With the statement concentrator turned on, all statements variations are transformed into a statement with variables. In the explain output the statements that have been rewritten by an active statement concentrator can be identified because of an extra section labeled "effective statement":

Effective Statement:
-------------------
select
  id,

  s
from
  betw
where
  id between :L0 and :L1


After getting this far I wanted to apply an optimization profile to cause the specific statement to be always reoptimized. Optimization profiles provide many ways for performance tuning on a, at least sometimes, low-level basis. They are less intrusive than database hints (see Oracle-style hints in DB2 :), can be turned on and off on different levels, and provide all kinds of options. The first step to use profiles is to prepare the DB2 tools catalog for them:

db2 "call sysinstallobjects('opt_profiles', 'c', '', '')" 

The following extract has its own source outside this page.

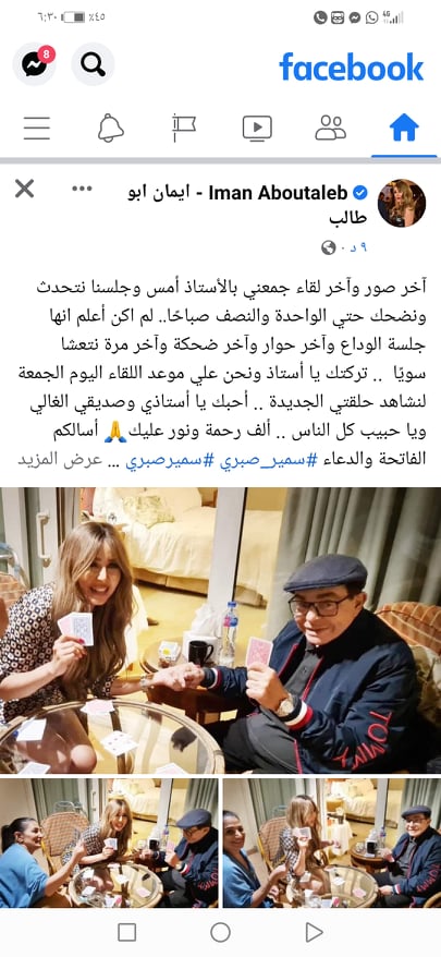 وكتبت ايمان تدوينة عبر صفحتها بموقع التواصل الاجتماعي فيس بوك قالت فيها: "آخر صور وآخر لقاء جمعني بالأستاذ أمس وجلسنا نتحدث ونضحك حتي الواحدة والنصف صباحًا.. لم اكن أعلم إنه ا جلسة الوداع وآخر حوار وآخر ضحكة وآخر مرة نتعشا سويًا .. تركتك يا أستاذ ونحن علي موعد اللقاء اليوم الجمعة لنشاهد حلقتي الجديدة.. أحبك يا أستاذي وصديقي الغالي ويا حبيب كل الناس.. ألف رحمة ونور عليك أسالكم الفاتحة والدعاء".
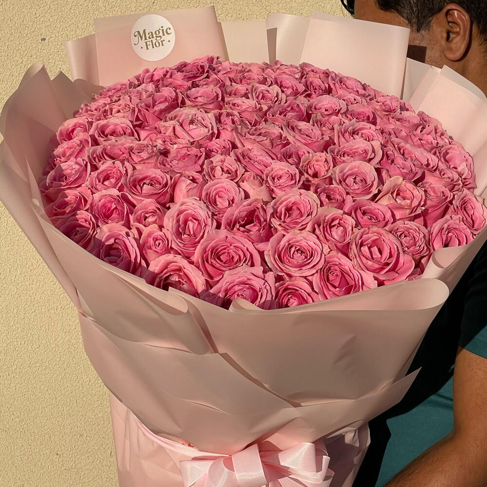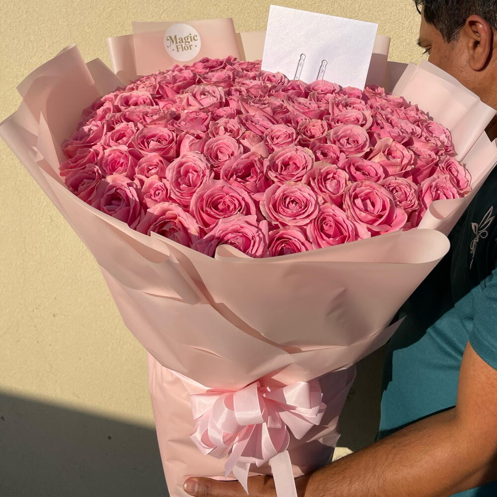 🌸 131 роза сорта Wham Pink Роскошный букет из 131 розы сорта Wham Pink, упакованный в нежную светло-розовую бумагу, создан, чтобы выразить чистую элегантность и нежность. Ищете ли вы красивый подарок для мамы, сладкий сюрприз для друга или романтический букет для кого-то особенного, эта композиция идеально подойдет тем, кто ищет розовые розы премиум-класса в Дубае или роскошный цветочный подарок, который действительно выделяется. 🤍✨

An optimization profile is created by writing an XML document according to the XML schema found here. I created the following profile:

 <?xml version="1.0" encoding="UTF-8"?>
<OPTPROFILE>
  <STMTMATCH EXACT='FALSE'/>
  <STMTPROFILE ID="REOPT betw">
     <STMTKEY>
        <![CDATA[select id,s from betw where id between :L0 and :L1 ]]>
     </STMTKEY>
     <OPTGUIDELINES>
       <REOPT VALUE="ALWAYS" />
     </OPTGUIDELINES>
  </STMTPROFILE>
</OPTPROFILE>

The optimization profile consists of a single so-called statement profile which is labeled "REOPT betw". It is for our SQL statement and I decided to use the version as seen in the effective statement. As a guideline to the optimizer the "REOPT ALWAYS" is passed. What I included in the profile is the switch to turn on inexact statement matching. It causes DB2 to consider more variations of the SQL statement for optimization by our rule. Once the optimization profile is complete, it can be inserted into the catalog table. For that I created a file "betw.csv" with a profile name and reference to the XML file:

"HLOESER","PROFILE_BETW","betw.xml"



That file is then imported into DB2:

db2 "import from betw.csv of del modified by lobsinfile insert_update into systools.opt_profile"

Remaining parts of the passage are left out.